1.11. “Process,” “Processing,” or “Processed” means an operation or set of operations that is performed upon Personal Information/ Personal Data, whether or not by automatic means, including, collection, recording, organization, storage, access, transmission, adaptation, alteration, retrieval, consultation, use, disclosure, dissemination, making available, alignment, combination, blocking, disposal, deleting, erasure, or destruction.

1.12. “Restricted Transfer” means:

  • 1.12.1. a transfer of Customer Personal Data from Customer to a Contracted Processor; or
  • 1.12.2. an onward transfer of Customer Personal Data from a Contracted Processor to a Contracted Processor, or between two establishments of a Contracted Processor, in each case:
  • 1.12.3. where the EU GDPR applies, such transfer of Customer Personal Data is to a country outside of the European Economic Area which is not subject to an adequacy determination by the Commission; and
  • 1.12.4. where the UK GDPR applies, such transfer of Customer Personal Data is to a country outside of the United Kingdom which is not based on adequacy regulations pursuant to Section 17A of the United Kingdom Data Protection Act 2018; and
  • 1.12.5. where the Swiss FADP applies, such transfer of Customer Personal Data is to a country outside of Switzerland which is not subject to an adequacy determination by the Swiss Federal Data Protection and Information Commission; or
  • 1.12.6. where such transfer would be prohibited by Data Protection Laws (or by the terms of data transfer agreements put in place to address the data transfer restrictions of Data Protection Laws) in the absence of the Standard Contractual Clauses to be established below;

1.13. “Secondary Customer” means a customer which has entered into a Data Processing Agreement with Customer or a Customer Affiliate.

1.14. “Security Incident” means any unauthorized or unlawful breach of security leading to the accidental or unlawful destruction loss, alteration, unauthorized disclosure or access to Personal Information/ Personal Data.

1.15. “Standard Contractual Clauses” means: (i) where the EU GDPR applies or where the Swiss FADP applies, the contractual clauses annexed to the European Commission’s Implementing Decision 2021/914 of 4 June 2021 on standard contractual clauses for the transfer of personal data to third countries pursuant to Regulation (EU) 2016/679 of the European Parliament and the Council (“EU SCCs“); and (ii) where the UK GDPR applies, standard data protection clauses adopted pursuant to or permitted under Article 46 of the UK GDPR (“UK SCCs“).

1.16. “Sub-processor” means any third party (including any Processor’s Affiliate) engaged by Processor to Process any Personal Information/ Personal Data relating to this DPA and/or the Contracts.
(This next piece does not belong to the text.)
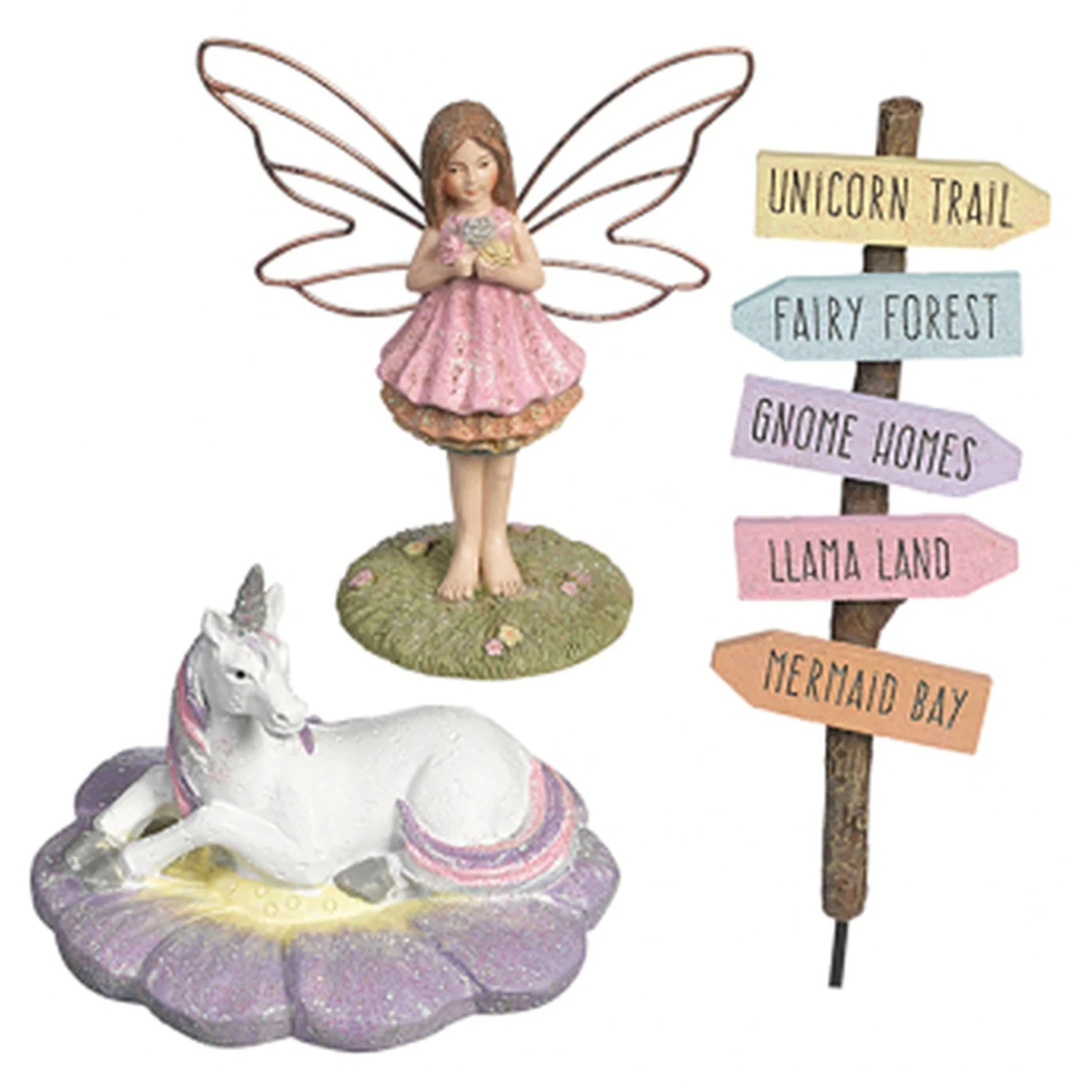 Unicorn Sign Fairy Collectible Figurines comes as a set of 3; Magic garden pieces include a unicorn laying on a flower, a fairy with wings, and a sign reading “Unicorn trail, Fairy forest, Gnome homes, Llama land, Mermaid bay”. Figurine is made of resin stone with pink glitter finish. Comes in gift box for easy gifting.
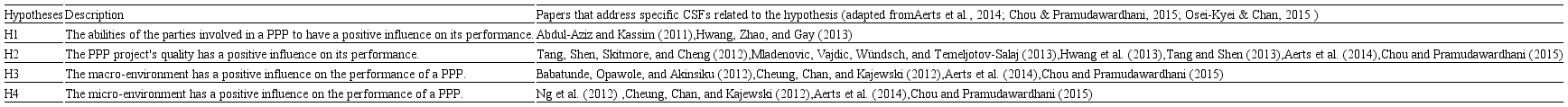 According to the literature review (third column) and the original problem, we worked with the following hypotheses to design the model (Table 2).

1.17. “Technical and Organizational Security Measures” means measures taken by Processor and Authorized Persons aimed at (i) ensuring the confidentiality, security, integrity, and availability of Personal Data, including protecting against an Incident, a Personal Data Breach, or other accidental, unlawful, or unauthorized destruction, loss, alteration, disclosure or access to Personal Data (in particular where Processing involves the transmission of Personal Data over a network) and other unlawful forms of Processing and/or (ii) assisting and enabling Data Controller to comply with its obligations to respond to requests by Data Subjects to exercise their Data Subject Rights.

2. Subject and Scope

2.1. To the extent Processing of Personal Information/ Personal Data takes place with respect to Data Subjects in the United Kingdom, the UK GDPR and this DPA will apply. To the extent Processing of Personal Information / Personal Data takes place with respect to Data Subjects in the European Union,     the GDPR and this DPA will apply. To the extent Processing of Personal Information/Personal Data takes place with respect to Data Subjects in Switzerland, the Swiss FADP and this DPA will apply. To the extent Processing of Personal Information/ Personal Data pertains to a California resident the CCPA, CPRA and this DPA shall apply.  To the extent Processing of Personal Information / Personal data pertains to a resident in another US state with an applicable Privacy/Data Protection Law, such law and this DPA shall apply.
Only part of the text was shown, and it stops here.